Interestingly enough when I isolated the light source onto a blank .blend, the effect changed slightly (even worse), so I am attaching a photo of what it looks like “in game”. As you can see the projected dot is too small and the object in general lacks that ‘reflective flashiness’ that a real strobe light would feature.

Any help would be sincerely appreciated. :frowning:

The game engine is not simulating real light. So you need to know how it works and how to “mimic” the occurrence of real light with what it does.

A) Game lights are invisible, you can only see the effect of the light at meshes. With the turning spot light you seem to be on a good way. You could even animate the lights output on/off etc… It would result in a strobe effect too.

B) Game lights will never blind you. This is because they are (A) invisible. You could only be blinded be reflective surfaces, but in this case this surface is blinding you, not the light. In difference to real world physics the blinding is limited to the surface (no bloom, blur or whatever).

C) to visualize the light source (bulb) you need a different object to act as light emitting device. Obviously you should exclude it from shade calculation otherwise, it would block the effect of the game light (if you use shadow at all).

A simple light bulb can be created by a sphere with an bright non-shaded material. It still has no blinding effect, but at an bulb this does not matter that much.

To get blur/bloom effects you can either use other Halo-material objects or shaders.

The get the strobe effect, you should be able to switch the blinding effect on and off.

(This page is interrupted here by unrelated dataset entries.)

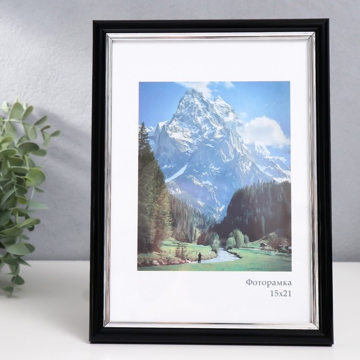 Фоторамка пластик "Гамма" 15х21 см, чёрный с серебром
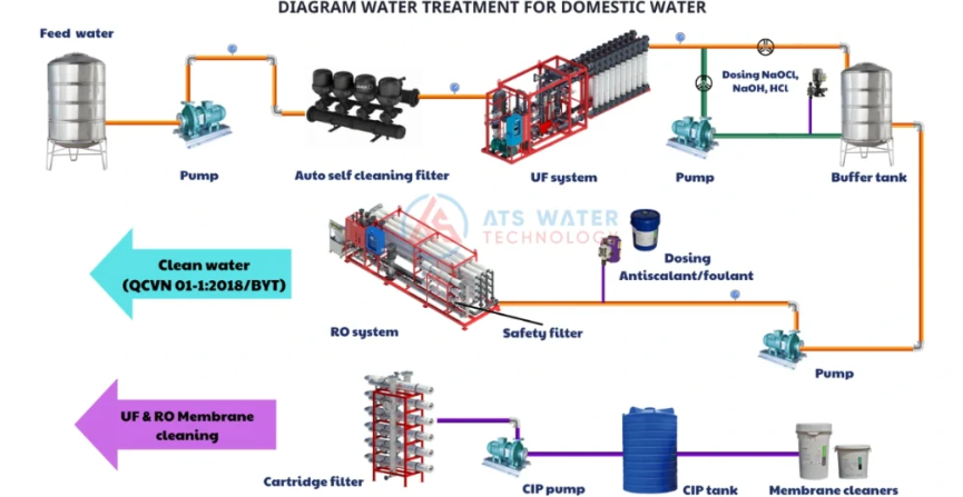 Quy trình xử lý nước cấp ứng dụng công nghệ RO giúp loại bỏ tạp chất, vi khuẩn, kim loại nặng và các hợp chất hữu cơ, đảm bảo nguồn nước đầu ra đạt tiêu chuẩn QCVN 01-1:2018/BYT. Nhờ đó, nước sau xử lý có thể được sử dụng trong nhiều ngành sản xuất, đáp ứng các yêu cầu khắt khe về chất lượng và an toàn.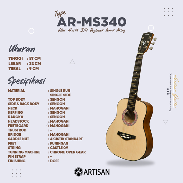 ARTISAN Gitar Akustik 3/4 Beginner AR - MS340 Senar String Guitar

Hint: the bulb animation and the light animation do not need to match. Nobody could ever tell they do/or do not. The human brain gets very confused by strobe effects.

Thanks, this is pretty helpful advice, actually. I will work on it and post the model if I get it looking decent enough. One question, I had at one point played around with materials and managed to make a very metallic and very reflective texture. I have completely forgotten how I did this, but do you have any thoughts on recreating?

In Texture tab try turning Cloud to Reflection… hope that is the effect you are trying to re create.

Edit: i mean UV mapping not clouds, change clouds too ImageOrMovie.

Is this at all what you’re looking for?
http://en.file-upload.net/download-9067789/Strobe.blend.html

Ughh… why is it so hard (impossible) to upload videos onto the forum? Anyway, I got it improved some but I am still disappointed and being a perfectionist, this is driving me crazy. See video at: DELETED. I intentionally kept a bigger portion of the scene in and even the audio… wanted you to get a feel for the vibe I am trying to create.

Also, what about a blinking “point” light? Any quick way to do that for a runway? Sorry for the newbie questions… I am an international relations guy trying to get into media/game development and this is the result… crap… but I am quickly learning a lot! This is a great community!

Saika - I was using Linux at the time and that download was for a .exe …

This forum is not supposed to upload videos. If you want that there are plenty of video hosting services out there. You can easily link the according videos here.

http://www.filedropper.com/strobe

Hey this is perfect for the runway lights in pairs… Thanks Saika! Very kind of you.